Stainless-steel prototypes characterized by five different cross-sectional shapes (square, triangular, rhomboidal, "S"-shaped, and the cross-sectional design of H-type files) and three different number of flutes (16, 24, and 32) were used for investigation of the relationship between design features and the resistance to bending and fracture of root canal instruments. Both resistance to bending (bending moment) and resistance to fracture (angular deflection and torque) were determined in accordance to ISO 3630-1. Numbers 15, 25, and 35 prototypes were tested with a sample size of 10 instruments each. Whereas prototypes with the rhombus-shaped cross-sectional design displayed the lowest resistance to bending, those of the square cross-section showed the greatest.
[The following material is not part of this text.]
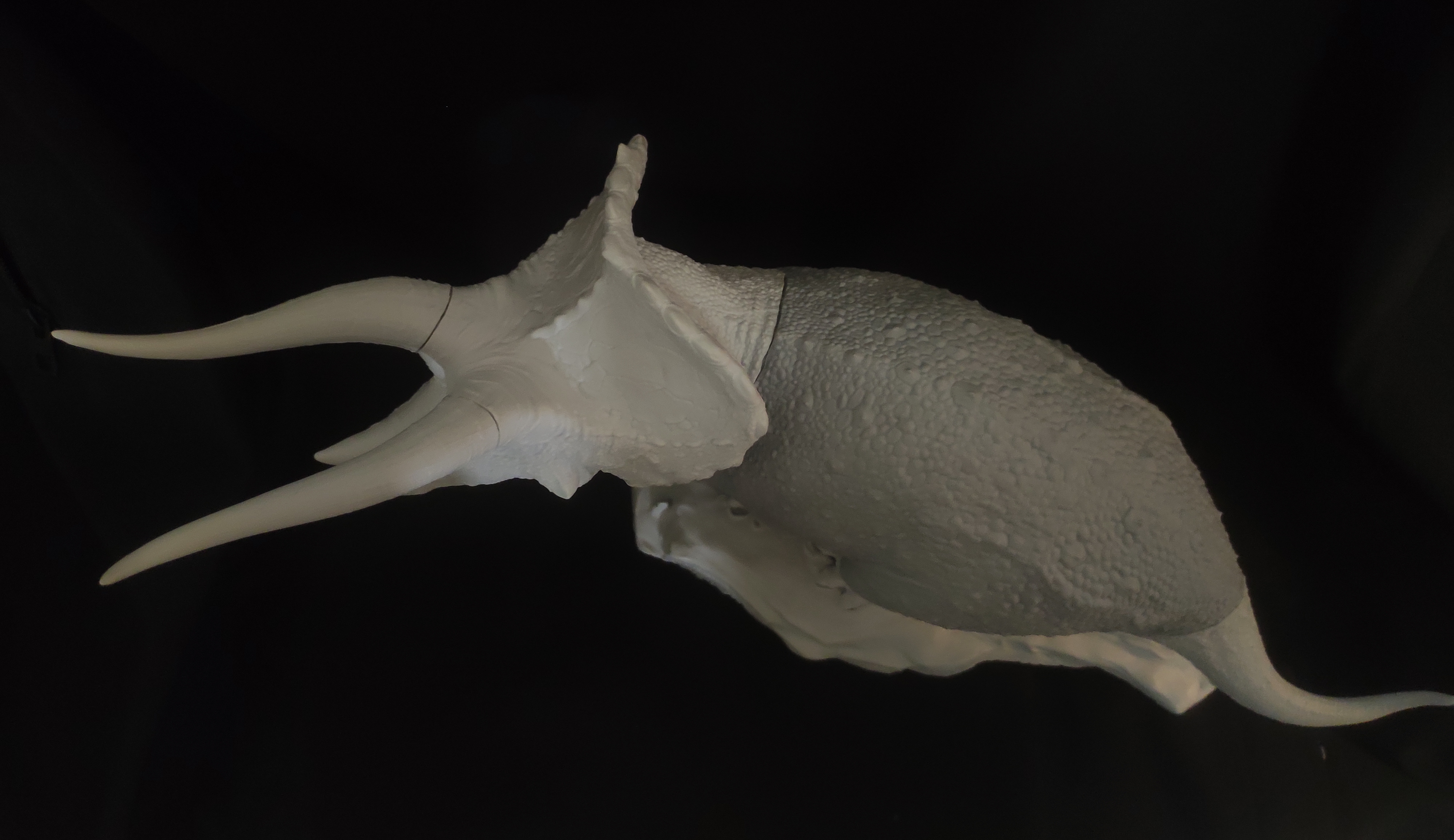 : 어색한 부분을 체크하기 위해서 트리케라톱스 테스트 프린트를 진행했다. 벌써 몇몇 거슬리는 요소들을 발견했고, 또한 디테일 묘사에서 정교함을 끌어올려야겠다. 이 출력물은 1/54스케일이며 최종적으로는 1/18이 될것이다.

In general, S-shaped prototypes and those with the H-type cross-section achieved lower angular deflection than all other prototypes, whereas those with the triangular cross-sectional shape and 32 flutes reached the greatest angular deflection. Overall, rhombus-shaped prototypes showed lower torque values than all other prototypes. Results indicate that bending and torsional properties of endodontic instruments are mainly influenced by their cross-sectional design. Moreover, these properties are also affected by the number of flutes and the manufacturing process (twisted or milled) of endodontic instruments.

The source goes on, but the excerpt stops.